Now we are in! Time to do some quick security setup, using the instructions found here. The only liberties I have taken are setting the ufw firewall rules to 22 allow, and not setting IP rules or allowed users for ssh (since we have set it to key only access).

FLASK OF WHITE LIGHTNING
We need to get python-pip and python-virtualenv packages. Do this by running sudo apt-get install python-{pip,virtualenv}. virtualenv isolates at special instance of python from everything else, so packages won't interfere with your main python install.

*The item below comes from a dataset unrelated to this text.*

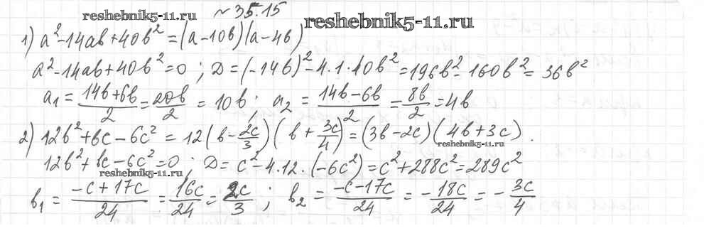 Готовая домашняя работа с ответами по Алгебре за 8 класс Мерзляк, Поляков Учебник Алгоритм успеха Углубленный уровень Вентана-граф 2020 ФГОС - §35. Квадратный трехчлен 15

Running virtualenv venv; source venv/bin/activate should put you into the virtual environment, we can install flask here by running sudo venv/bin/pip install flask . For an easy setup of flask with authentication, SQLAlchemy, and twitter bootstrap, thanks to esbullington, we can run the following commands

sudo apt-get install python-dev libpq-dev
git clone git://github.com/esbullington/flask-bootstrap.git
sudo venv/bin/pip install -r flask-bootstrap/requirements.txt
 
To finish launching our app, we need to create a postgreSQL database for the application to connect to. The basic instructions list the following steps:
sudo apt-get install postgreql
sudo -u postgres psql postgres
    \password postgres
sudo -u postgres createuser <username>  
sudo -u postgres psql 
    create databse <dbname> with owner <username>
sudo -u postgres psql
    \password <username>

To login to the database, use psql -d <dbname> -U <username> -h localhost.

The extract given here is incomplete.